Ce projet de recherche s'applique à étudier la relation entre savoir et persuader dans les corpus rhétoriques et philosophiques. L'alternative entre savoir et persuasion est au centre du débat philosophique en Grèce ancienne : à partir de Platon, au IVe siècle av. J.C., on assiste à la naissance d’une tension entre la tradition rhétorique florissante dans la politique athénienne et une conception philosophique et rationaliste de la parole publique. Platon introduit l’idée qu’une nouvelle rhétorique basée sur la connaissance et des procédures rationnelles d’argumentation est possible, une rhétorique qui se distinguerait de la technique rhétorique traditionnelle qui constitue selon lui une persuasion dénuée de savoir. Des conceptions similaires se retrouvent chez Aristote et les Stoïciens. Ces trois écoles de pensée peuvent être rapprochées autour de ce concept de « rhétorique philosophique » qu’ils essaient de définir en opposition au corpus rhétorique naissant. En effet, malgré leurs divergences, ces penseurs cherchent à rapprocher la rhétorique de la dialectique, c’est-à-dire à fonder la rhétorique sur l’argumentation logique.

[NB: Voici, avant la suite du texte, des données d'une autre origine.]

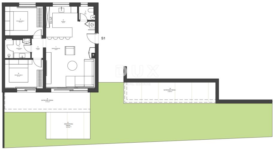 V mirnem in očarljivem mestecu Zaton, le 45 metrov od plaže, se nahaja nova moderna stavba z dvema vhodoma in dvema dvigaloma, ki skriva deset ekskluzivnih apartmajev. Vsak od njih je bil skrbno zasnovan za maksimalno udobje in uživanje - apartmaji v pritličju so obogateni z zasebnimi vrtovi, apartmaji v srednjih nadstropjih imajo prostorne terase, penthousi pa ponujajo strešne oaze z instalacijami za letne kuhinje in jacuzzije, idealne za sproščena večerna druženja ob sončnem zahodu. Vsi apartmaji so opremljeni s klimatsko napravo v vsaki sobi, penthousi pa imajo dodatno talno ogrevanje po celotni notranjosti. Apartma A1 z neto površino 107,87 m2 združuje funkcionalnost in eleganco. Razporeditev vključuje dve spalnici, kopalnico, dodatno stranišče, kuhinjo in prostorno dnevno sobo. Odlikujejo ga tri terase - dve pokriti in ena odprta -, ki odlično povezujejo notranje in zunanje prostore. Stanovanju pripadata tudi dve parkirni mesti in shramba, oprema pa vključuje električne rolete, varnostna vrata in video domofon. Kupci imajo tudi možnost prevzema popolnoma opremljene notranjosti, kar jim omogoča vselitev brez dodatnih skrbi. Posebna ugodnost – kupec je oproščen plačila davka na nepremičnine, ker je prodajalec pravna oseba. Zaton je znan po dolgih prodnatih plažah, kristalno čistem morju in mirnem vzdušju, ki združuje tradicionalno dalmatinsko vzdušje s sodobnimi ugodnostmi. V neposredni bližini se nahaja letovišče s številnimi ugodnostmi – restavracijami, kavarnami, športnimi igrišči in wellness programi, zaradi česar je ta kraj idealen tako za počitnice kot za življenje skozi vse leto. Le deset minut vožnje stran je Zadar, mesto bogato z zgodovino in kulturo, svetovno znano po rimskih forumih, romanskih cerkvah, Morskih orglah in Pozdravu soncu. Če iščete kombinacijo razkošja, udobja in mediteranskega načina življenja, nas kontaktirajte za več informacij in za dogovor o ogledu.
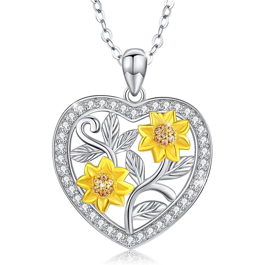 Ожерелье с подвеской в виде подсолнуха для женщин, подвески в форме сердца, модные украшения, подарки для девочек
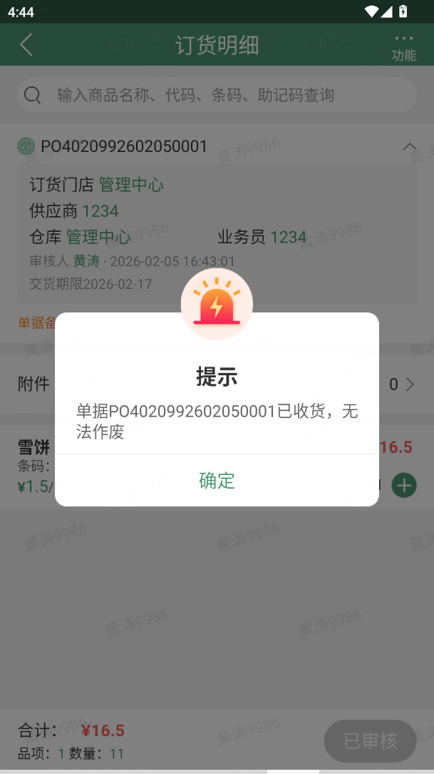 待审核:即制单状态,可再次编辑(添加 / 删除商品、修改数量、编辑备注等);
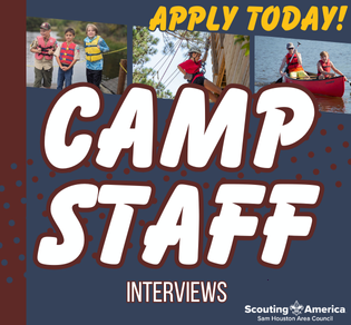 The council has an opportunity each year to provide Scouts and Scouters who attend our camps with a great camping experience. We are looking for dedicated individuals to apply to be on staff for summer camp at Camp Strake. The requirements are stiff, the jobs are demanding, and the experience is exhilarating. Must be at least 16 years of age during camp (youth ages 15 can serve as a counselor-in-training). Submit your application today! We are having an in-person interview day on January 24th which requires sign-up and will be opening soon. Complete your Summer Camp Staff application today!
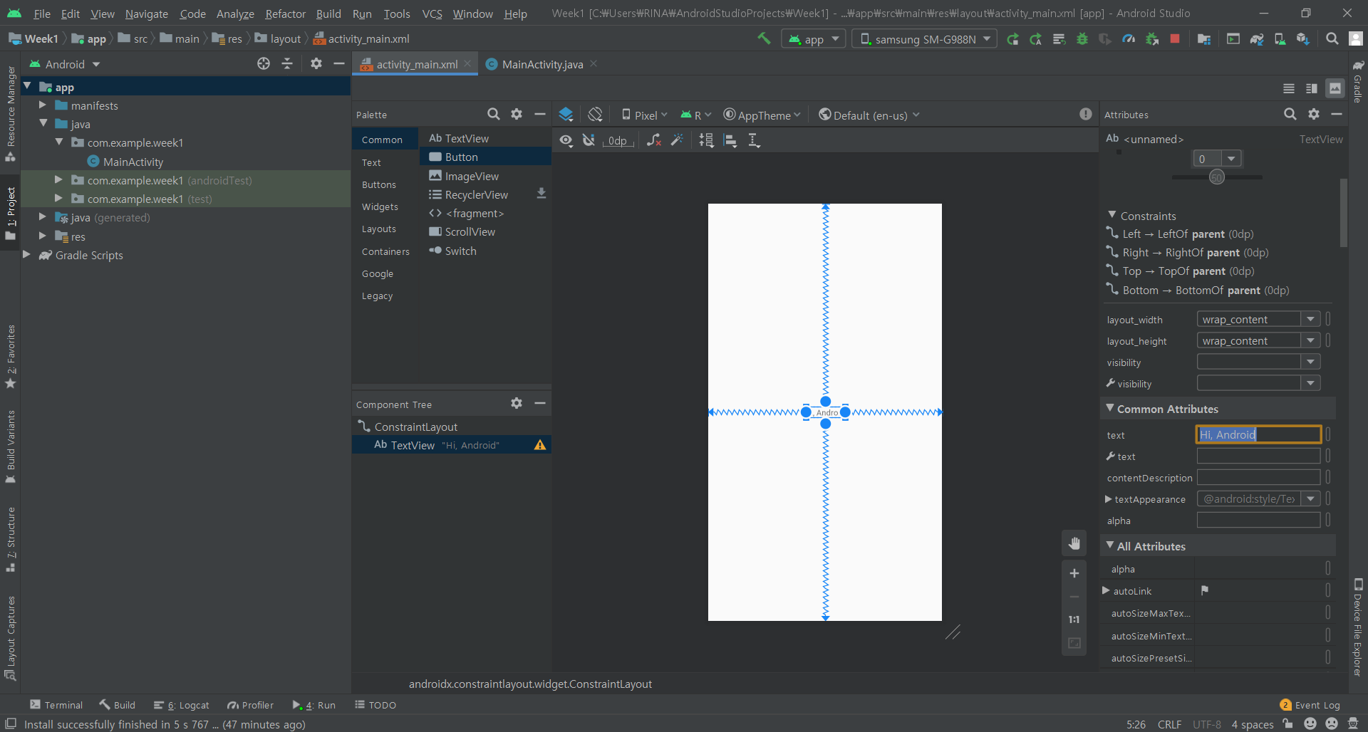 Hello World! 에서 Hi, Android로 바뀐 것을 확인할 수 있습니다!
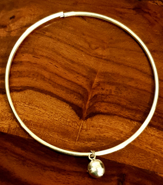 Sterling silver circular necklace (hasli) with silver ball pendant
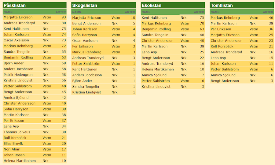 Även om deltagarantalet är lite lägre än tidigare år glädjer det att fler hoppat in i rallyt trots aprilvädret. Det visar sig också i fågellistorna där båda landskapen nu klivit över 100 arter. Närke leder fortfarande med 14 deltagare och 113 arter mot Västmanlands 12 deltagare och 107 arter. Tittar vi på Artportalen så finns det dock potential att öka på för båda landskapen. Arter som inte är med i rallyt finns rapporterade både i Västmanland och Närke.
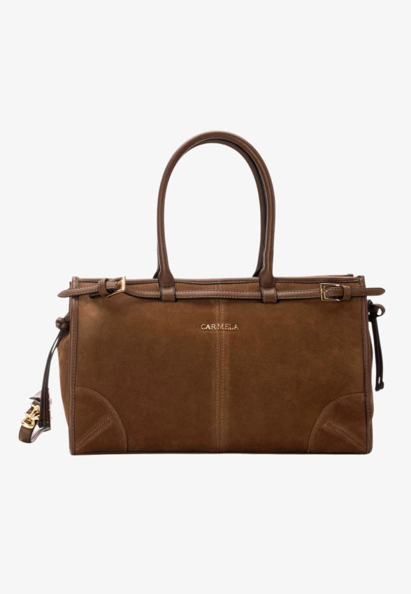 Elegante borsa a spalla da donna firmata Carmela, realizzata in morbido suede color kaki. Questo accessorio raffinato unisce stile e funzionalità, ideale per completare con classe i tuoi outfit quotidiani. La tonalità versatile e la texture pregiata rendono questa borsa la scelta perfetta per chi cerca un tocco sofisticato senza rinunciare alla praticità.
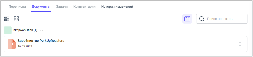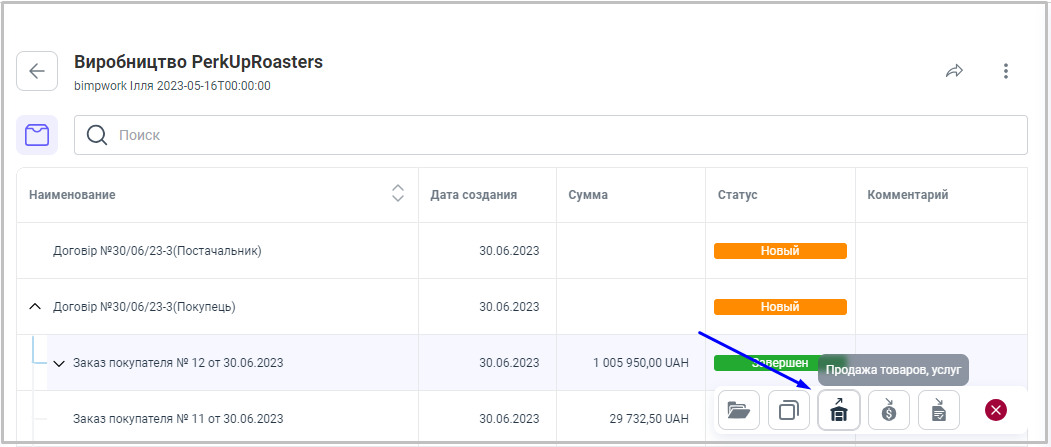 3. В самом Проекте выбираем Договор на основе которого уже создали ранее документ "Заказ-счет покупателю". Наводим мышкой на необходимый счет, и справа у нас появляется всплывающее окно с несколькими виджетами. Нажимаем на виджет создание документа "Продажа товаров, услуг".

Cette approche détermine ensuite la tradition philosophique de la période hellénistique à l’Antiquité tardive qui cherche à en produire la systématisation autour d’une question : comment produire une parole persuasive sans perdre de vue la vérité ? Comment, lorsqu’il faut convaincre pour déclencher la décision et l’action, ne pas travestir ou déformer la réalité ? Comment distinguer, dans la parole publique, la parole enjôleuse de celle qui cherche sinon à instruire, du moins à éclairer le jugement ? Et comment faire pour qu’elle s’impose au public dans un contexte de pluralisme démocratique ? Notre projet propose de repartir de l’ensemble de ces questions posées par la tradition philosophique pour, d'abord, étudier ce phénomène relativement négligé et ensuite, pour envisager comment un tel débat pourrait éclairer la crise actuelle que traverse le discours public.

Responsables : Vladimir Mikeš (Prague, Department for the Study of Ancient and Medieval Thought), Stéphane Marchand (Paris 1 Panthéon-Sorbonne)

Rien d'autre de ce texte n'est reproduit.